16.ROMA: Roma who have climbed eight places this year are the second new entry on the list thanks to a €53m (42%) increase in overall revenue due to their Champions League return. Despite going out at the group stage, they pocketed €47m from Uefa thanks to the presence of only one other Italian side (Juventus) in the competition. Matchday revenue was also boosted by Champions League participation and papered over the fact that Roma’s commercial income actually fell by €1.5m (4%).
17.Newcastle United: Yes, Newcastle United. The Toon need to thank the big-money broadcasting deal. Over 60% of their revenue is derived from the centralised broadcast deals. Apart from this, the Magpies have the third-highest average attendance in the English top flight (50,500) and they earned £26.8m (€32.2m) from matchday revenue.
18.Everton: The Toffees have risen two places thanks to their progression to the last 16 of the Europa League. Though, Their commercial income is the lowest in the Money League, Everton, like every side in the English top flight, benefit enormously from TV money, earning £86.8m from broadcast revenue – more than both Bayern Munich and Paris Saint-Germain!

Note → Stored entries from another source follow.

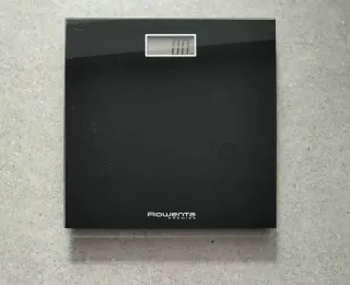 Báscula de baño digital Rowenta con superficie de cristal templado negro. - Diseño moderno y elegante. - Pantalla digital de fácil lectura. - Función inteligente de encendido y apagado automático - Funciona con una pila de botón (no incluida)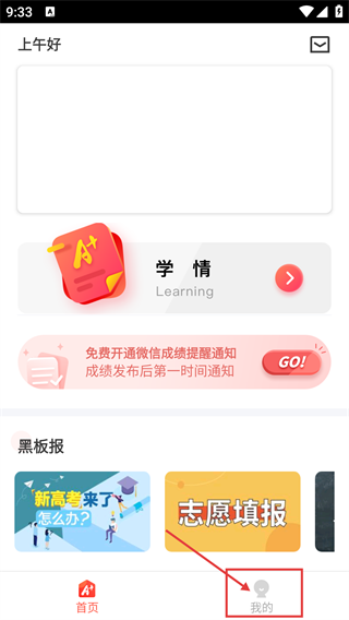 2、進(jìn)入軟件首頁(yè)后,可查看【學(xué)情-Learning】等功能,還能開(kāi)通微信成績(jī)提醒,點(diǎn)擊底部導(dǎo)航欄的【我的】進(jìn)入個(gè)人中心。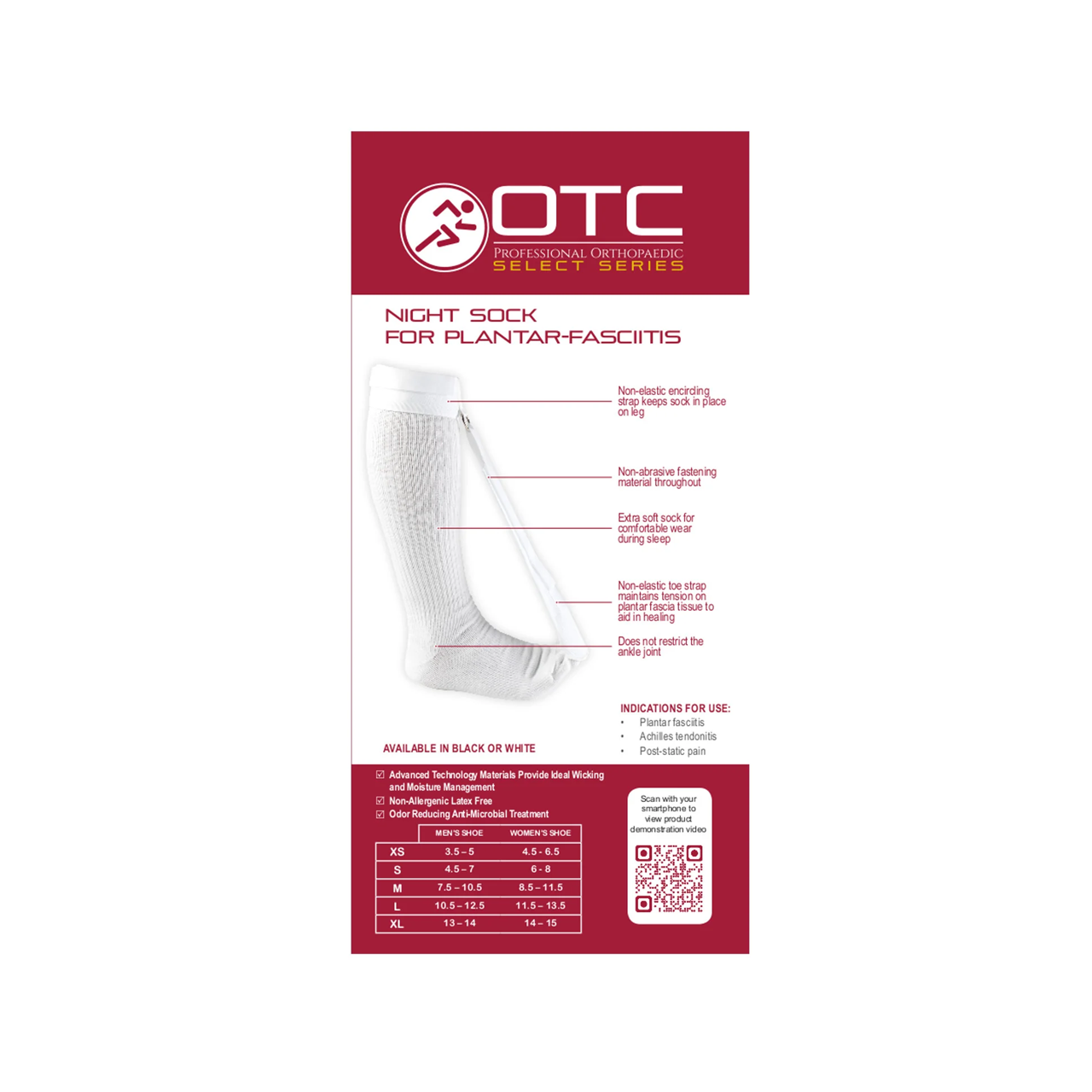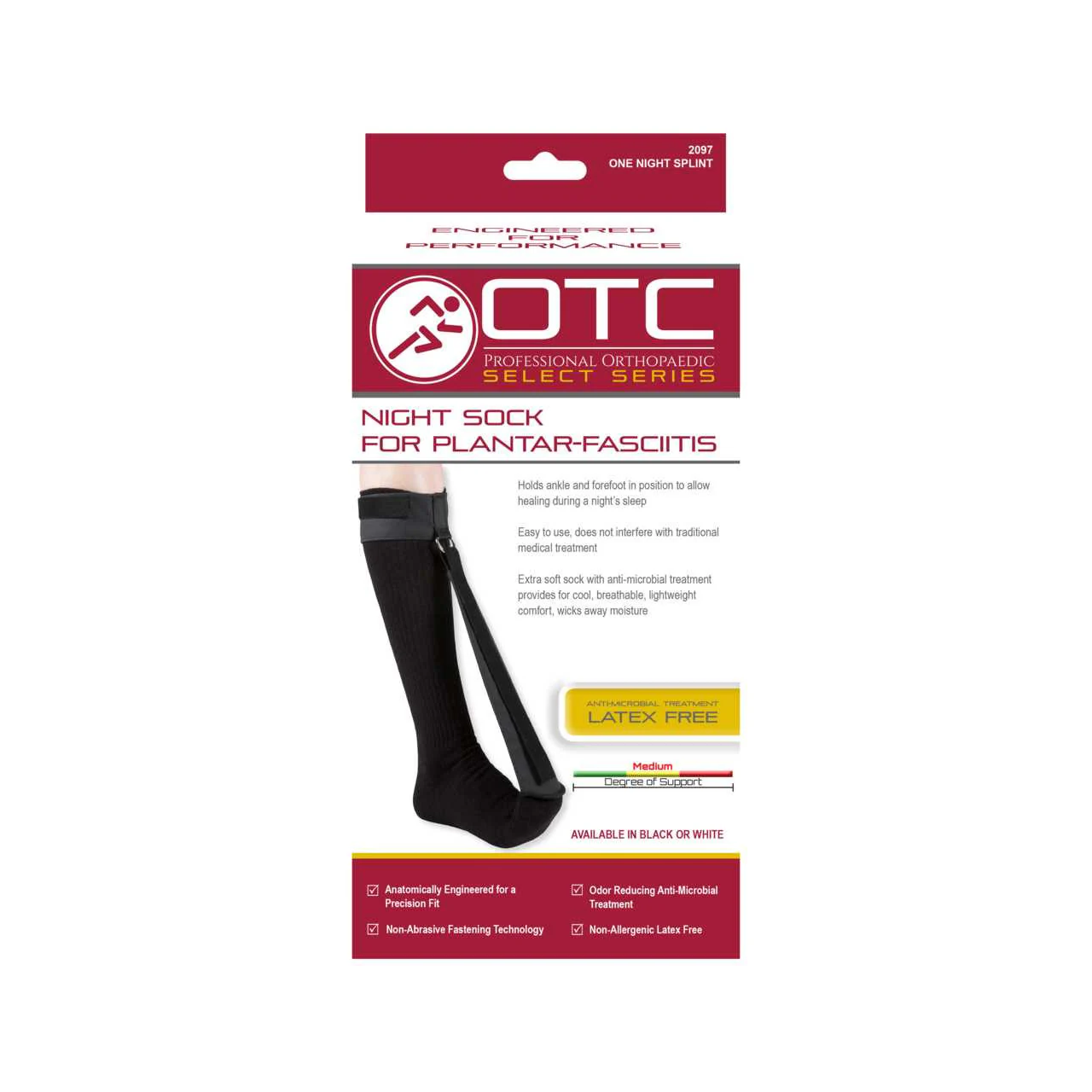 The OTC Select 2097 night sock is designed to maintain tension on the plantar fascia tissue in the foot so it can heal in a stretched position at night. Using it can reduce pain upon rising, overall recovery time and the need for medications. When worn as intended it will prevent the plantar fascia from contracting while in the prone or supine (sleeping) position. The night splint holds the ankle and forefoot in a position of slight dorsiflexion and thus prevents the plantar fascia from contracting, which causes pain.

19.INTER: Inter have now fallen to their lowest ever position, 19th. A run in the Europa League helped boost revenue from matchday and broadcast streams but a 16% decrease in commercial income is worrying for the Nerazzurri. However, their proposed new stadium and hopefully their return to Champions League football next season would represent a significant boost to Inter’s ailing fortunes.
20.WEST HAM UNITED: West Ham make their first appearance in the Money League after a 9-year absence.Their overall revenue rose by 5% to £122.4 million (€160.9m). A sponsorship deal with Betway boosted their commercial revenue by 9% but the main reason for their return to the top 20 was the money accrued from the English top flight’s centralised broadcasting deal, which accounts for 65% of West Ham’s income.